Late last week (August 6th to be exact), our company received a call from a client to produce a live satellite broadcast from Beijing for the following week with an Olympic Gold Medal winner. In almost any other situation, we can spin on a dime for a newsworthy topic and make that happen — as long as we’re not dealing with a communist country where every satellite transmission is strictly monitored and controlled by the government.

If you missed the opening ceremonies of the Beijing Olympics then you missed part of history. Don’t continue to miss history in the making and make sure you tune into to NBC (from the Today Show to nightly coverage of the events). I say this as a television producer who’s been in the biz for over twenty years, who’s experienced at broadcasting via satellite from remote locations around the world and who visited China earlier this year. I’ve produced in over twenty-five countries on four different continents during my broadcast career that’s included producing an internationally syndicated travel show and daily network television but nothing is more amazing than the coverage we’re seeing right now out of China if you have any idea how unusual it is to have the kind of reports we’re seeing on the air direct from Beijing. In the U.S., we’re long accustomed to freedom of the press but this is unheard of in China — true journalistic freedom. Seeing Tom Brokaw being interviewed by Matt Lauer in Beijing with Brokaw’s candid criticism’s of aspects of the Chinese government is simply history in the making — let’s talk journalism in China, shall we?

First, China’s sensitivity to journalists is so strong that less than a month before the games began, at least 30 journalists and 50 internet users were being detained in China and any writer, producer, journalist or media professional is discretely advised by certain visa procuring websites to list his or her occupation as a “computer operator” on the China visa application or they could be denied a tourist visa. Since most people in media use computers, this isn’t inaccurate.

Second, all of the estimated 25,000 reporters covering the Olympics had to go through an extensive vetting process to get a J-1 or J-2 Journalism visa. Once approved, the Beijing Organizing Committee for the Games of the XXIX Olympiad (BOCOG) supplied reporters with a 171-page media guidebook, A Service Guide for Foreign Media Coverage of the Beijing Olympic Games, but perhaps journalists would be better equipped for their Beijing assignments by visiting the Reporter’s Guide to Covering the Beijing Olympics at Human Rights Watch.
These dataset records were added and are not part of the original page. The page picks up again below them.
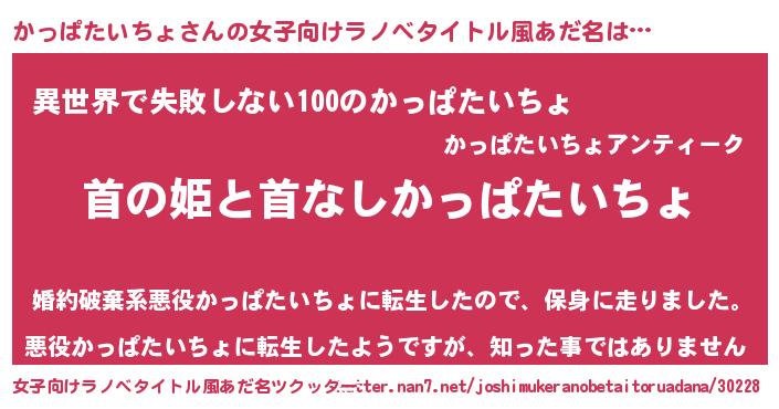 | 男性向けラノベタイトル風あだ名 | 『はたらくかっぱたいちょさま!』 |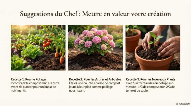 Le produit final évolue en deux stades : un compost « jeune » (4 à 6 mois), utilisable en paillage, et un compost « mûr » (10 à 12 mois), qui sert d’engrais puissant pour le potager ou d’amendement pour les rempotages.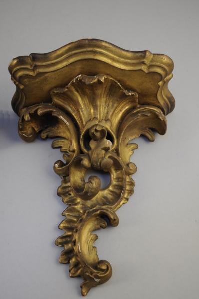 PAIRE de CONSOLES en bois sculpté et doré à décor ajouré d'acanthes et coquilles stylisées.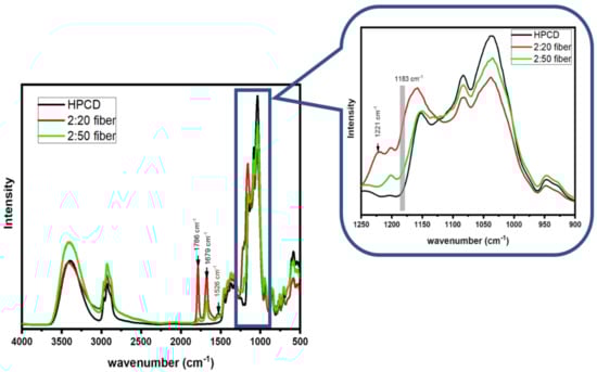 FT-IR spectra of HPCD and as-spun Chi:HPCD fiber (2:20 and 2:50, respectively) without normalization. The expanded region of the inset spectra is shown between 1250 and 900 cm−1 of the original spectra.

Third, what’s it like behind the scenes for journalists covering the Olympics? Well, China’s internet police are out in full force despite promises by the Chinese Government to take down the Great “Firewall” of China. More than an estimated 30,000 internet police are employed to censor internet websites and restrict access to “objectionable” sites and it’s been very problematic for reporters currently in Beijing. What’s objectionable? Anything with personal opinions (like blogs) and any media that may criticize the Chinese government and the biggest taboo word? You guessed it… “T-I-B-E-T.” As a matter of fact, our company website is blocked in China because it contains the word “media” so my American friend who lives in Beijing cannot view our website. The day I arrived in Beijing in early May was actually one of the first days the censors unblocked certain websites and allowed access to BBCNews.com and other “controversial” internet news sites. However, according to some recent reports, access has been unpredictable to the BBC website and others – especially those having a non-complimentary story on China.

Finally, here’s the thing – in the U.S., we’re accustomed to seeing live broadcasts from around the world and it looks so easy. We take it for granted. But just as the Olympic athletes that make swimming, diving, bike racing, and gymnastics look so easy (though it took YEARS of practice for these amazing feats), the transmissions you’re seeing out of China look easy, but NBC spent years of planning with the Chinese government for you to see history in the making. Enjoy it!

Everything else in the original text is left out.